ドッグフードとキャットフードは分けられているのにはちゃんとした理由があり、犬にキャットフードを与えることにはデメリットがあります。
キャットフードは栄養が豊富すぎる
そもそも、ドッグフードとキャットフードはどう違っているのでしょうか。
最初に挙げられるのは、ドッグフードよりもキャットフードの方が栄養豊富だということです。
一例を挙げれば、猫は体内でタウリンというアミノ酸を生成することができません。
このタウリンが不足すると網膜に障害を起こして目が見えなくなってしまったり、心臓疾患の原因になってしまったりします。
このため、キャットフードにはタウリンがふんだんに配合されているのです。
対して、犬は体内でタウリンを生成することができますので、ドッグフードにはタウリンがあまり含まれていません。
つまり、犬にとってキャットフードはタウリンが過剰だということになります。
この違いは猫が犬と違い、完全肉食動物だということからきています。
動物性の食べ物からしか栄養を吸収することができませんので、キャットフードはドッグフードに比べて動物由来の栄養素が多くなっているためです。
つまり、キャットフードは同じ量でもドッグフードより栄養分が多いということで、これはキャットフードの方が高カロリーであることを意味しています。
キャットフードは味が濃すぎる
動物の舌には、味を感じることのできる味蕾という器官があります。
この味蕾の数は、動物によって大きく異なっています。
人間だと1万ぐらい、犬は2000ぐらい、猫は750ぐらいです。
このことから考えられるのは、犬は人間よりも味オンチで、猫は犬に輪をかけた味オンチだということです。
そして、これがドッグフードとキャットフードの違いにもつながっているのです。
上にも書きましたように猫は味オンチですので、猫の食べ物であるキャットフードはより味を強く感じられるように作られています。
つまり、キャットフードはドッグフードよりも味が濃く作られており、塩分などの含有量が多くなっているのです。
犬も決して細かい味が分かる動物ではないこともあり、基本的に味付けの濃いものが好きです。
そして、キャットフードはドッグフードよりも味が濃いわけですから、実際に与えてみるとドッグフードよりも食いつきが良かったりします。
ただ、後述するようにこれは必ずしもメリットではないのです。
栄養豊富なのは肥満の原因になる
上にも書きましたが、キャットフードはドッグフードよりも高カロリーです。
ドッグフードと同じ量を与えていると、あっという間にカロリーオーバーになってしまいます。
短期的にはともかく、長期的にカロリーオーバーになると、待っているのは肥満です。
そうでなくても最近は基本的に室内飼いの個体が増えていますので、肥満が問題になっているのです。

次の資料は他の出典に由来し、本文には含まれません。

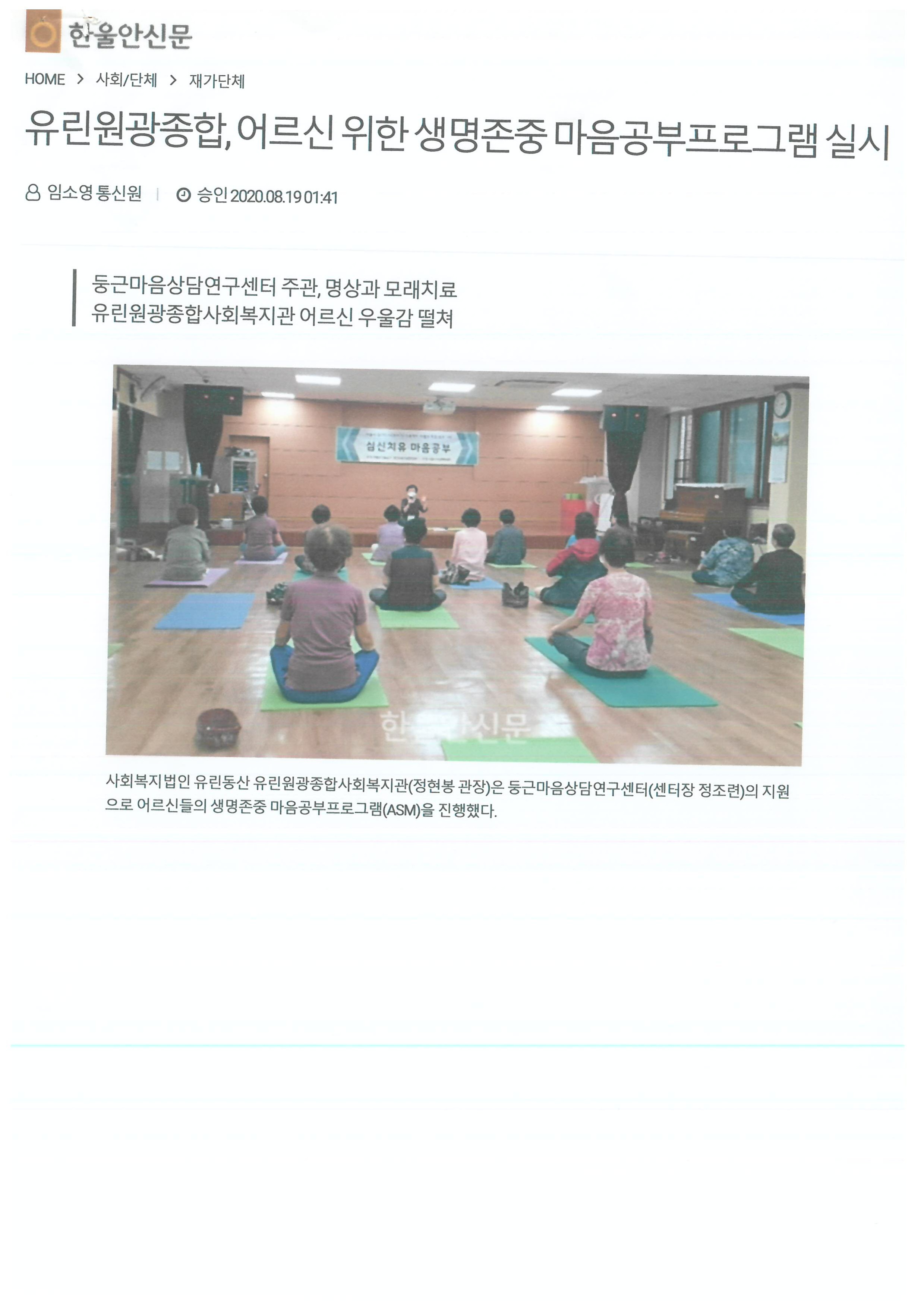 2020.08.19 유린원광종합, 어르신 위한 생명존중 마음공부프로그램 실시, 한울안 신문

肥満の弊害については、基本的に人間と大きく変わるところはありません。
動脈硬化によって心筋梗塞や脳梗塞を引き起こしてしまったり、癌をはじめとする成人病の原因になってしまったりします。
栄養不足は困りますが、与えすぎることも健康に悪影響を与えるのです。
犬にキャットフードを長期にわたって与えると、肥満になってしまう可能性は高いでしょう。
そうならないためには犬に適した食べ物、ドッグフードの方が良いというわけです。
味が濃いのは腎機能障害の原因になる
上にも書きましたように、キャットフードはドッグフードに比べて味が濃く、塩分などが多めに含まれています。
つまり、塩分の過剰摂取になりやすいということです。
塩分を過剰摂取した場合、いつまでも体内に留めておくわけにはいきませんので、尿として体外に排出することになります。

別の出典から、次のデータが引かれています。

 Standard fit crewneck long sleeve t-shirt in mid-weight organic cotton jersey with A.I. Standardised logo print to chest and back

このときに、多少なりとも腎臓に負担がかかってしまいます。
キャットフードを長期にわたって与え続けると、常に塩分過剰になりますので、腎臓に負担をかけ続けることになってしまいます。
結果として腎臓が疲れてしまい、機能障害を起こしてしまいます。
最近では基本的に室内飼いの個体が増えていることにより、それによって犬の寿命が伸びています。
高齢になると内臓に問題を抱えやすくなりますが、腎臓も例外ではありません。
その腎臓に負担を与え続けると腎不全を招き、命に関わる可能性すらあります。
いくら犬が味の濃い食べ物が好きでも、与え続けるのは健康への悪影響があることを知っておいてください。
犬にキャットフードは厳禁
犬にキャットフードを長期にわたって与えると、上記のように犬の健康に悪影響を与えてしまいます。
犬の好きな食べ物を、体に良い食べ物は必ずしも同じではないということです。
犬の健康維持のためにはちゃんとしたドッグフードを与えるようにすることが必要で、それを心がけることが飼い主の務めではないでしょうか。